Before we can use the Regular Expression, we must import re

In [20]:
import re

### `\d` (Digit)
- Means digit (0 - 9)

In [21]:
# using re.findall(pattern, string) --> scans the entire string and returns a list of all matches of the pattern
pattern = r'\d'
my_string = 'The numbers representing "I love you" is 143'
re.findall(pattern, my_string)

['1', '4', '3']

### `\w` (Word Character)
- Word Character = letters(a-z,A-Z), digits(0,9), and underscore _.

In [22]:
pattern = r'\w'
my_string = 'Hello_456o_zen'
re.findall(pattern, my_string)

['H', 'e', 'l', 'l', 'o', '_', '4', '5', '6', 'o', '_', 'z', 'e', 'n']

### `[]` (Character Set)
- Matches any one character inside the brackets.

In [23]:
# to match a vowel
pattern = r'[aeiou]'
my_string = 'An apple a day, makes 7 apples a week.'
re.findall(pattern, my_string)

['a', 'e', 'a', 'a', 'a', 'e', 'a', 'e', 'a', 'e', 'e']

In [24]:
# match a digit
pattern = r'[0-9]'
my_string = 'I have 3 apples. I gave 1 to Anna.

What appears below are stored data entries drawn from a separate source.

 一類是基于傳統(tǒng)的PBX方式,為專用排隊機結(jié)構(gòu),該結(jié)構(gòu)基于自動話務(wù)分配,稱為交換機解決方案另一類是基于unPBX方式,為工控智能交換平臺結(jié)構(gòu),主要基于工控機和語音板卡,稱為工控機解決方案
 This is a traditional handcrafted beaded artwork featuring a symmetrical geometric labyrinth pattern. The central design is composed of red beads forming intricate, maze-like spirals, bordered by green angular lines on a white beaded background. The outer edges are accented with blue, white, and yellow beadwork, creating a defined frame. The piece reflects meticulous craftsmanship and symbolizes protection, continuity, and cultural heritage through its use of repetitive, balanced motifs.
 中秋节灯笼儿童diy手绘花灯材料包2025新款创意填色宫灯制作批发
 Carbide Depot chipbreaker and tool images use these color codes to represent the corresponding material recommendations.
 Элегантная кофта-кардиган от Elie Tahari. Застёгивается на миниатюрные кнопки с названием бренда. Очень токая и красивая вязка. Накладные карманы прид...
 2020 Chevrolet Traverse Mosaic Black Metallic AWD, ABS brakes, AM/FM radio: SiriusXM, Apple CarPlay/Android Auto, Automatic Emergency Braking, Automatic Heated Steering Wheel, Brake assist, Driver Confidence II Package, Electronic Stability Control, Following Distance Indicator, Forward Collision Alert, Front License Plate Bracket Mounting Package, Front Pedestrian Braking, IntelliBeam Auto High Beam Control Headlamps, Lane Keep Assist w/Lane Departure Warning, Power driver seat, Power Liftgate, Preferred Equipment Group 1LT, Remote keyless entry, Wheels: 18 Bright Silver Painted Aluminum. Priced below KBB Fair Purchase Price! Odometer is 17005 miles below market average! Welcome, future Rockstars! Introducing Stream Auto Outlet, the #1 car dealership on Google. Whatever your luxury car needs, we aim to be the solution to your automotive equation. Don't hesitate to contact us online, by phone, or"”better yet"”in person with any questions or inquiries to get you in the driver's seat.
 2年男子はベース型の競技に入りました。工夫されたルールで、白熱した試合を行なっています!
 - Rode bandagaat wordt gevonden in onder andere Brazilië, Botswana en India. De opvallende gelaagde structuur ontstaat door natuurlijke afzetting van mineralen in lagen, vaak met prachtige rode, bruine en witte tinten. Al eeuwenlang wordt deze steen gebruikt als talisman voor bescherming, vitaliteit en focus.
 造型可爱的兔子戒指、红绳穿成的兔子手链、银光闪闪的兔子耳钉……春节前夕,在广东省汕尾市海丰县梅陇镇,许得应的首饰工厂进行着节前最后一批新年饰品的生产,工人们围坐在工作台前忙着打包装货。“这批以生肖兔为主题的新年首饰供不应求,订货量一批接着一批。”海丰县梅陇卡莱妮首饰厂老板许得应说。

How much is left?'
re.findall(pattern, my_string)

['3', '1']

In [25]:
# not a digit [^0-9]
pattern = r'[^0-9]'
my_string = '123456W7890'
re.findall(pattern, my_string)

['W']

### `{}` (Quantifier - how many times)
- Tells regex how many times an item should appear
- {n} - exactly n times
- {n,} - at least n times
- {n,m} - between n and m times

In [26]:
pattern = r'\d{3}'
my_string = 'My phone number is 4035551234.'
re.findall(pattern, my_string)

['403', '555', '123']

### `\s` → whitespace (space, tab, newline)
- Matches any kind of blank space.

In [27]:
pattern = r'\s'
my_string = 'Hello   World\nof Python!'
re.findall(pattern, my_string)

[' ', ' ', ' ', '\n', ' ']

### `.` → any character except newline
- Matches any single character.

In [28]:
pattern = r'.'
my_string = 'cat, dog'
re.findall(pattern, my_string)

['c', 'a', 't', ',', ' ', 'd', 'o', 'g']

### `+` → 1 or more times
- Means the pattern must appear at least once.

In [29]:
pattern = r'o+'
my_string = 'Hellllloooo Woorld, yahoo!'
re.findall(pattern, my_string)

['oooo', 'oo', 'oo']

### `*` → 0 or more times
- Means the pattern may appear any number of times, even zero.

In [30]:
pattern = r'lo*'
re.findall(pattern, my_string)

['l', 'l', 'l', 'l', 'loooo', 'l']

### `?` → 0 or 1 time (optional)
- Means the character or group is optional.

In [31]:
pattern = r'colou?r'
my_string = 'My favorite color is blue. Her favorite colour is green.'
re.findall(pattern, my_string)

['color', 'colour']

## Mini Expression Parser
---
### Rule 1: Variable names
- Variable must contain only letters or underscore (no digits, no special chars).
- On the left side, exactly one variable.
- On the right side, exactly two variables with a + between them.

Pattern: `^[A-Aa-z_]+$`
1. `^`
- Means start of the string.
- Makes sure the match begins at the very beginning.

2. `[A-Za-z_]`

- A character set.
- Matches one character only, but that character must be:
- A-Z → uppercase letters
- a-z → lowercase letters
- _ → underscore
- So [A-Za-z_] means: “one letter or underscore.”

3. `+`
- A quantifier: one or more times.
- So [A-Za-z_]+ means: “one or more letters/underscores.”

Examples:

- "x" (allowed)
- "variableName" (allowed)
- "_" (allowed)
- "x1" (NOT ALLOWED because digit 1 is not allowed)

4. `$`
- Means end of the string.
- Ensures that the match stops at the very end, so no extra characters allowed.

Example:

`re.fullmatch(r"[A-Za-z_]+", "hello")`  # match

`re.fullmatch(r"[A-Za-z_]+", "hello1")` # no match

### Rule 2: Assignment operator (=)
- There must be exactly one equal sign.

Pattern: `=`

### Rule 3: Expression (right-hand side, only + allowed)
- Must be `variable + variable`.

Examples:

`"x+b"` → valid

`"x-b"` → invalid (- sign not allowed)

`"x+1"` → invalid (variable + variable only)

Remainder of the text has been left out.